Now, he starts July with a clean slate and June goes in the books looking like this: 26 games, .436 average, seven home runs, 13 extra-base hits, 12 RBI, four stolen bases and 19 runs scored. Along the way, he also crashed into the right field wall at Dodger Stadium, a la the Washington Nationals’ Bryce Harper. But, unlike Harper, Puig emerged unscathed, with Manager Don Mattingly joking that “they checked the wall. It’s fine.”

So are the Dodgers, who’ve won eight of their last nine games with Puig fast becoming must-see TV.

“Nobody’s going to the bathroom or taking a break when he comes up, that’s for sure,” Dodger catcher A.J. Ellis said. “He’s pretty amazing. Pretty special. And he doesn’t seem to be slowing down. He’s definitely changed this clubhouse, changed the culture.”

In Baltimore, Davis has done the same, although his story, as The Post’s Dave Sheinin writes, isn’t one of the can’t-miss prospect:

The story of how Davis morphed from a Four-A flameout for the Texas Rangers in the summer of 2011 to the most prolific slugger in the majors for the Baltimore Orioles in the summer of 2013 is one of perseverance, faith and personal growth.

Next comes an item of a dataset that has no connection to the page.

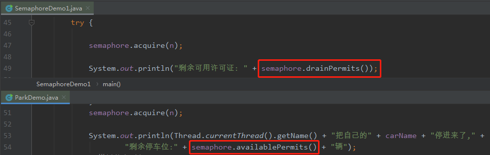 你仔细看:availablePermits 只是 return 当前可用的许可证数量。而 drainPermits 是 acquires and return,它先全部获取后再返回。
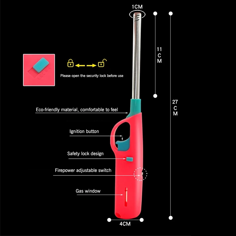 4.With a safety lock, Safety lock design prevents accidental ignition.

But it is also an example of how baseball is sometimes flat-out wrong. Sometimes you are more than what you appear to be at 25. Sometimes all it takes is a fresh start and a team willing to give you a proper chance, as the Orioles did after a fateful July 2011 trade.

“I think there was always the potential to put this kind of production up,” Davis, 27, said at his locker last week at Oriole Park at Camden Yards. “I think the biggest thing this year is the fact I’ve been in [the lineup] every day.”

The numbers are staggering: Through Sunday, Davis’s 31 home runs lead the majors by a half-dozen and put him on pace to hit 61 by year’s end. His slugging percentage of .728 also leads the majors by a wide margin and, should it stay there, would be the highest recorded since Barry Bonds in 2004. He also leads the majors in total bases (217) and extra-base hits (56) and ranked second in on-base-plus-slugging percentage (1.135).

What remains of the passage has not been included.